“不劳烦主上出手。”
夏羽烟直接拒绝凌渊,要是真让这个疯子出手,到时候究竟谁死可就真的难说了。
“小燕儿这是把本尊当外人,哎,本尊甚是伤心。”
“主上伤心的模样还当真与常人不同,别人都是嘴角下压,主上竟是嘴角上扬。”
“我竟不知小燕儿对本尊这么上心,连这样的细节都注意到了。趁着本尊心情好,辅导一下小燕儿的棋术。”
不等她拒绝,凌渊就已经起身来到她的身后,将她整个人环在怀里。
男人的胸腔贴着她的后背,呼吸时的气息正好呼在她的耳畔上,痒痒的。
下一刻,男人修长的手覆了上来,将她的小手整个儿包裹在手心中。
橘黄色的烛光映衬着二人的身影,屋内的气氛氤氲暧昧。
夏羽烟的理智竭力的抗拒这种危险的距离,然而身体却是想要更加靠近身后的温度。
没吃过猪肉也见过猪跑,这傻子都知道是中招了。
她毫不犹豫的咬破舌尖,痛楚之下,意识瞬间清醒。
一个灵巧的转身,挣脱男人的禁锢。
然后,拿起桌上的茶水,一饮而尽。
整个过程仅眨眼之间。
耳边传来鼓掌声,还有男人爽朗的笑声。
笑笑笑……总有一天老娘让你跪在地上抱头痛哭!
“不愧是本尊的小燕儿,总是让我惊喜。”
凌渊满意的看着夏羽烟脸上那抹不正常的红晕。
这屋子里燃着的虽然是普通的催情药,可他身上的气味却是最厉害的媚药,连武林高手都抵挡不了。
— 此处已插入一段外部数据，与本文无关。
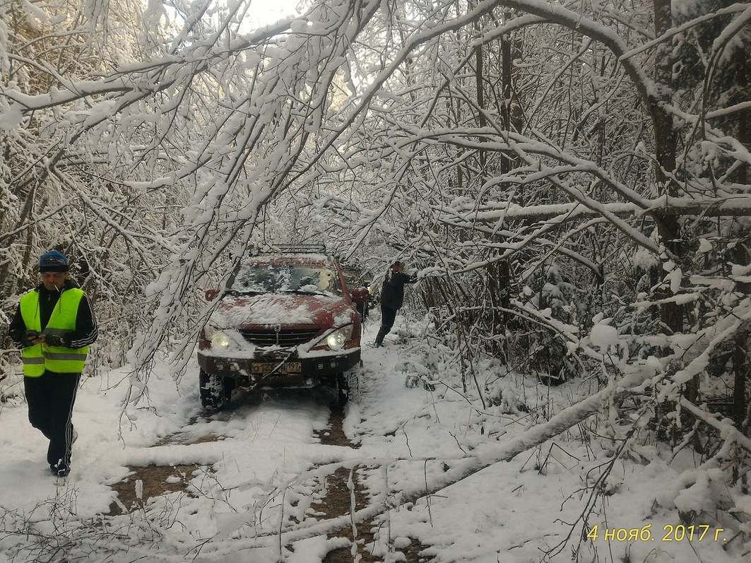 Первое лебежение у нас было на красном пунктире, нет бы кому-то из команды сказать "Саш давай я первый поеду, у меня же резина получше, а ты подсказывай направление." Но нет все "монстрики" нашей команды аккуратно ехали по следам, которые оставались от Аркаши. Болото долго искать не пришлось. Кусты, спуск, под снегом ничего не видно, леве/правее — всё СИДИМ на пузике! Тестирование лебёдки прошло удачно, кЕтайский трос не порвался при лебежении, что придало уверенности в возможности почаще заезжать на красные маршруты.
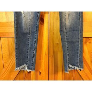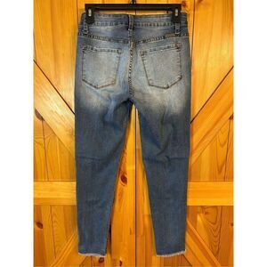 KanCan Raw Hem Medium Wash Skinny Jeans Size 7/27 Distressed stretch measurements 26” waist 26” inseam 9” rise (0924)
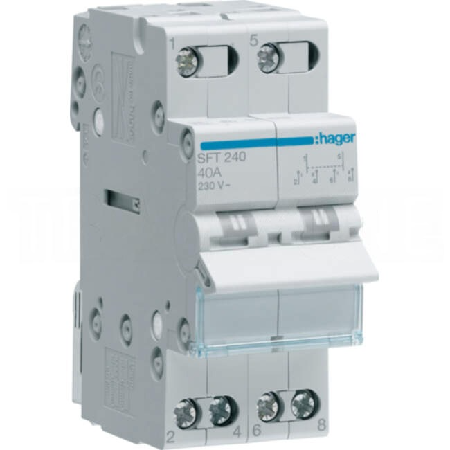 Hager 40 Amp 2 Pole Centre Off Modular Changeover Switch With Top Common Point Grey

“你能觉察到中毒我能理解,可我很好奇小燕儿怎么知道那茶水里就有解药。”
夏羽烟迅速拉开距离,从进屋的那一刻,她就注意到两位小娘子的“异常”。
泡茶的手法粗暴,抚琴的更是弹错了调。
一看便知是临时抓来的“群演”,如她所料,对方的确就只是最低级的鸢。
不过,她还是着了凌渊的道,对方先是用屋子里的浓香让她的鼻子疲劳,然后以身下药,上来就是一剂猛药。
这才是她记忆中的那个疯批残暴的主子。
以凌渊的谨慎,绝不会在外面喝别人倒的茶,哪怕那人是自己的手下。
所以,她赌,那杯没有动的茶水应该是对方故意给给她准备的。
“主上今日对属下格外的热情。”
有句古话说得好,黄鼠狼给鸡拜年,非奸即盗。
“有么,本尊对小燕儿一向来可都是格外的热情啊~”凌渊的语气里透着无辜。
又来!疯批加戏精,病娇属性buff叠满……
凌渊嘴上说的难过,然而面具下的嘴角却依旧是毫不掩饰的上扬,下一秒,他毫不在意的当着夏羽烟的面开始脱衣服。
那件绣着金丝的外袍被男人随手扔进边上的火盆里,暗红色的火焰瞬间将衣服烧成了灰烬,男人金色的面具则是在火焰的映衬下闪耀着危险的光。
“回去早点歇息,对了,小燕儿还渴的话可以多喝几口茶,毕竟那茶水里不仅有媚药的解药,还有缓解冰蛊的解药~这几日你怕是会不太好受,我让人给你准备了药浴,泡完再走吧。”
走出密室,屋子里摆着一只冒着热气的浴桶。
“大人,这是主上特意为您准备的药浴,可以压制你体内的寒毒,这两位是伺候大人沐浴更衣的侍女。”
“你让她们下去吧,我不习惯别人伺候。”
何欢眼神示意,两位侍女便恭恭敬敬的退出屋子。
“当家的,你这天香园的客人一般都是什么人?”
“大人您应该知道,就算您是鹰,也有不能过问的事情。”
对方的态度不卑不亢,丝毫不畏惧她鹰的身份,看来这位天香园的老板娘和凌渊的关系不浅。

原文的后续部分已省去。